- The Washington Times - Thursday, September 22, 2005

“He was my favorite senator,” syndicated columnist Robert Novak said Tuesday night at a reception attended by several hundred leading conservatives. “I love him. He made the liberals squeal.”

The event was a salute to 83-year-old former Sen. Jesse Helms, and guests came to honor both the man and his newly published memoir, “Here’s Where I Stand.” Sighted at the dinner at the Marriott Crystal Gateway in Arlington were various stars of the right, including former United Nations Ambassador Jeane Kirkpatrick, Eagle Forum founder Phyllis Schlafly and the Rev. Jerry Falwell, Moral Majority founder and president of Liberty University.

“I consider Sen. Helms a national treasure,” Mr. Falwell said, his Southern pulpit voice booming over the cocktail chatter.
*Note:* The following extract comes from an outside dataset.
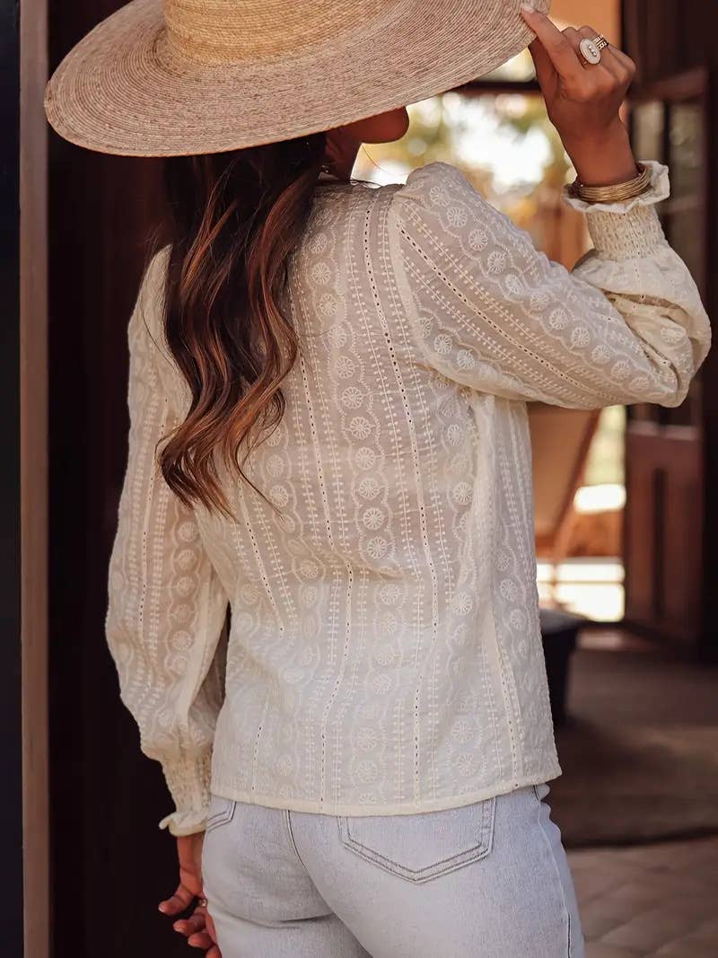 Boho Midnight Ecru Floral Ruffled Blouse

“I have great respect for Jesse Helms,” added Sen. Elizabeth Dole, looking chic in a red tattersall dinner suit. “I can still remember my dad saying he was a ‘relentless watchdog for North Carolina’ and a ‘watchdog for America.’” The young 49 — and handsome junior senator from North Carolina, —Richard Burr, also took the podium to praise Mr. Helms as the man who made the election of President Reagan possible.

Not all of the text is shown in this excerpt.